Peter Fenton: Yeah. Well, it’s the principal question that we focus on before an investment, which is the quality of the person we’re going to work with. The saying that we like to have at Benchmark is that good judgment comes from experience, which comes from bad judgment. So, we get it wrong a lot, but what’s interesting is when you get it right.
I think there are three attributes that I try to be reductionist about that define the greatness that we see in our world. It’s, I think, universal. This is perhaps too precise, but I think you’ll see these characteristics in a Jack Dorsey, a Liu Sarnia, a Dick Costolo, a Steve Jobs, a Jeff Bezos and the list goes on.
First, I think there’s just a profound, deep, innate motivation. A lot of what happens after the fanfare of starting a company and hiring people is, “Why are we here, what’s the purpose, and why are we doing this?” Great entrepreneurs have a motivation that runs so deep that it feels insatiable, and that is infectious. It lets other people around them have that motivation. I often ask the question of a company, what’s the purpose, why are you doing this. You’d be amazed at how few entrepreneurs can really answer that question. The great ones can. They have a real sense of the purpose, and it’s usually not about them.
Second, I think there’s a common trait that I would call ability to learn. My partner, Bob, likes to say, “Be a learn-it-all, not a know-it-all.” The problem of being a founder, entrepreneur, CEO, your business is changing on you radically every year. So, as you scale from zero to 30 it’s very different at 30 than it is at zero, and then to 300 all over again, and then to 3,000 all over again. So, if you don’t have that curiosity and ability to learn, you can get left behind. The company will grow past your ability to grow with it.
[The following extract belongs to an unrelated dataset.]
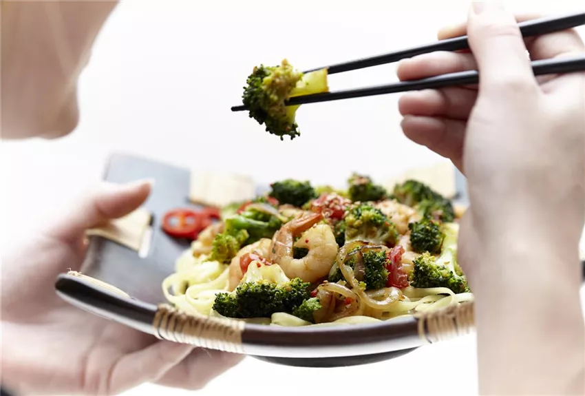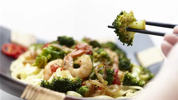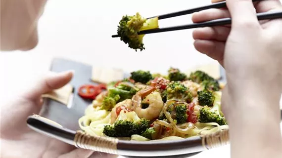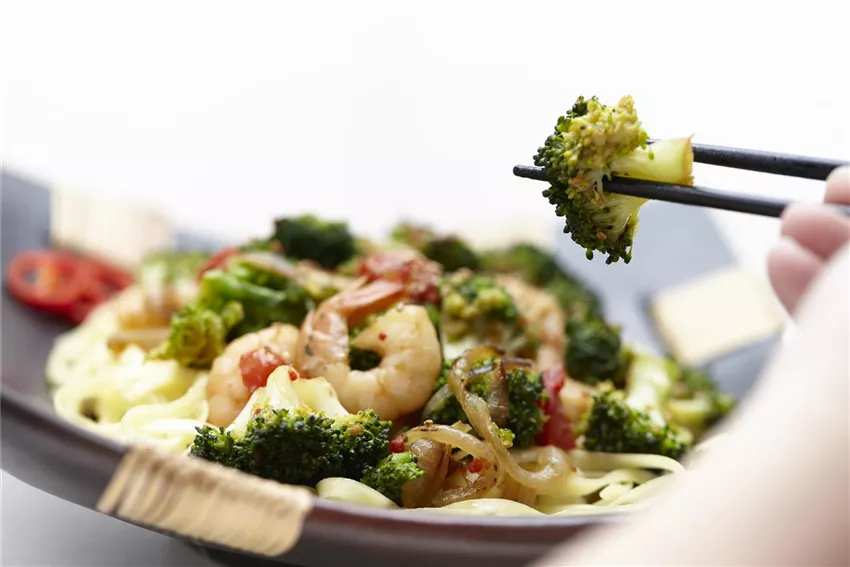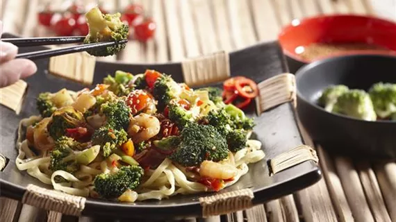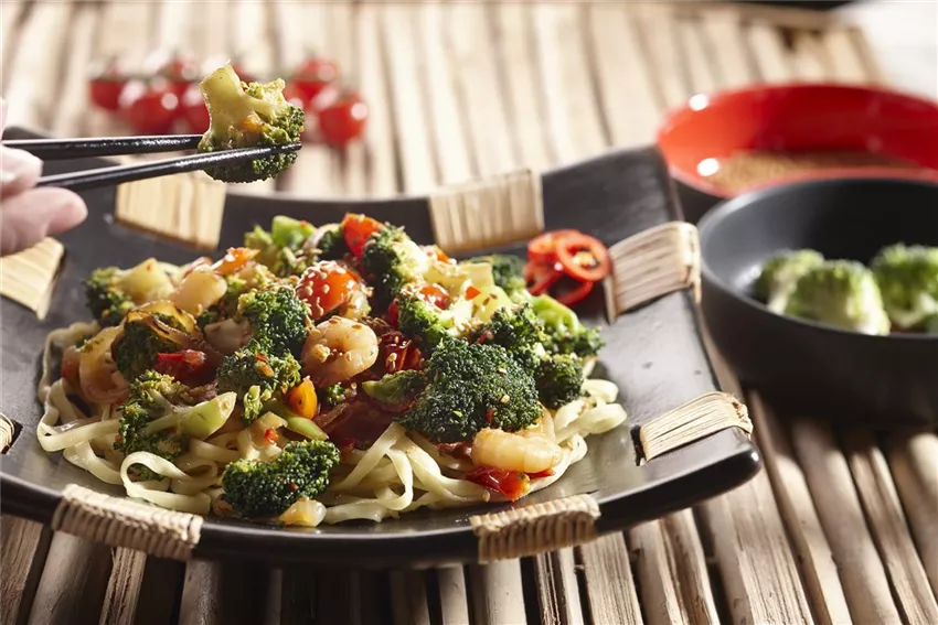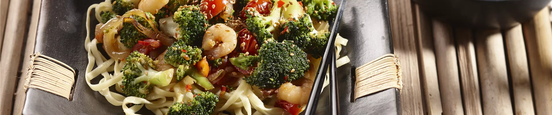Die Sesamkörner in einer Pfanne kurz anrösten und dann abkühlen lassen. Das restliche Öl in einem Wok erhitzen, die Zwiebeln schälen, in Ringe schneiden und dann darin andünsten. Tomaten, Brokkoli und die Garnelen hinzugeben und für ca. 5 Minuten unter ständigem Wenden anbraten.

Being a learn-it-all means you have to be very self-effacing around what you do and don’t know, apply critical thinking, and don’t assume that what you’ve been told is right. That trait is a muscle, I think, that you have to continually work on. Sometimes people lose that as they achieve success, and they become know-it-alls and they’re full of advice. One of the things we aspire to do in our business is to accept humbly that we don’t know a whole lot. But, we do have an ability to learn quickly which is why I’ve tried to invest in things like consumer, Internet, and enterprise. Because I think that’s one of the great assets that we can bring is that curiosity to a company.
And the last thing, third thing, is perhaps the most obvious which is the ability to attract great people. It’s not as simple as build a great team. The great entrepreneurs have found they need to find complements. So, if you look at yourself and reflect on your skills and your talents and your unique abilities you’ll find that everybody has their gaps. I learned this really from, say, Jack or Liu, who are very different, but each of them found a complement in other people that allowed them to be more of who they are.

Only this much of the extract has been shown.